First of all, you need to be honest with youself. If there are things you are doing that you feel that you can't tell your wife about...are they things you really shouldn't be doing in the first place??

My second question is, "Don't you feel guilty for hiding things from your wife while she has so much faith and trust in you??"

If you feel that you can't tell your wife certain things..then I think those are things you shouldn't be doing since in the long run...what if she found out about them through a mutual acquainance?

Innocent or not...it just plain looks bad...spur of the moment or not...you need to tell your wife pretty much everything unless you want her to go from a "pretty cool wife" to a "not so cool with the things you do wife"

Your choice.


----------



## Inside_Looking_Out (Apr 8, 2012)

You have already figured out that it's a slippery slope...but I will throw in my two cents. My husband and I have been married for 18 years. I thought our marriage was doing pretty well. Yes, ups and downs, but we had frequent sex, we did things together and such. 

He started talking to a work acquaintance...then those work conversations turned more friendly, then one day they met up for lunch, then one evening for dinner. All this happened while he was out of town. It was all under the pretense of a friendship, until one night when she was sad about something, she needed someone to talk to, and he 'felt compelled to kiss her'. 

We are still working through this. That was a bit over 6 months ago. If you want to stay married to your wife...don't put yourself in these positions. My husband is someone that you would never peg to have done this. But, he was missing that spark, he was missing a connection that we were letting slip...and he started finding it elsewhere instead of speaking up and rekindling it with me. It has come close to ruining our marriage...and the jury is still out on that


----------



## jnj express (Mar 28, 2011)

Hey Ford---nobody has said it to you, yet---but you are already cheating

How come you are keeping certain things from your wife---cuz you F'ing know you are doing wrong, and you DO NOT WANT HER TO KNOW

If you were my partner, and you spent 6 to 8 hours with an XGF, or any other woman---you would be in a war, you would have one he*l of a lot of explaining to do---I don't know what your wife, is like, but I do know most spouses, would not tolerate the screwing around you are doing, and the fact that you are hiding details

How about you tell your wife, everything, tomorrow---sit her down, and give her all the details about everything---I am a betting man---I am willing to bet you will not divulge that kind of info to her

It is just a matter of time---there is a very thin line tween friendship and love----it just takes one little push from either you or the person you are out with,----and your life WILL NEVER BE THE SAME!!!!!!


----------



## iheartlife (Apr 4, 2012)

You are right, jnj. I am sure his wife's boundaries have already been crossed.


----------



## fordracing01 (May 7, 2012)

Part of the reason I wanted to chat on here was to see what others would think, I was 50/50 thinking maybe I am making this up in my head. 
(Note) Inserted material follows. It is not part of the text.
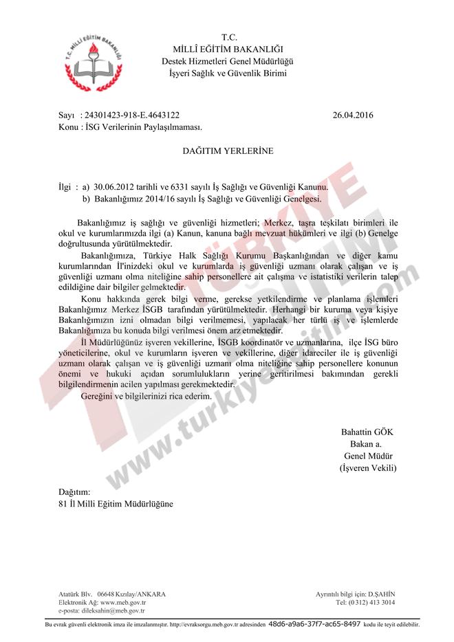 Konu hakkında gerek bilgi verme, gerekse yetkilendirme ve planlama işlemleri Bakanlığımız Merkez İSGB tarafından yürütülmektedir. Herhangi bir kurama veya kişiye Bakanlığımızın izni olmadan bilgi verilmemesi, yapılacak her türlü iş ve işlemlerde Bakanlığımıza bu konuda bilgi verilmesi önem arz etmektedir.

Like I said before I dont think just because a female is being "nice" that automatically means that they want you to leave your wife and have an affair. You'd have to have a pretty oversized ego to think that every time a woman was nice to you, or gave you a little look, that they were into you. 

I have been looking around this forum and reading through the "his needs, her needs" book. I am almost finished with it.

No offense folks, it sounds like some people have been hurt very badly, but this board is scary and that book is scary!

The scariest thing are these stories that I have read on here such as even what miss-inside-looking-out has said 

I don't want a girlfriend, I dont want to divorce my wife, and I am happy with her. I am not just saying that to convice myself either.

But I never realized how some seemingly "just lunch/etc" can evolve into a "we had an affair". The book is one thing....but the stories on this board are REAL people.

My parents are divorced and they hated each other. That was easy to see even when I was 6. I never remember a time they liked each other and they divorced, nastily, probably when I was 12-ish.

My wife and I rarely fight, so i did not consider a path that would lead me to get so far down a road where I am hooking up with some other woman. 

That being said, we talked for about 2 hours last night and I told her much more, I think everything. She already knew that I saw the exGF, but I filled in the details. 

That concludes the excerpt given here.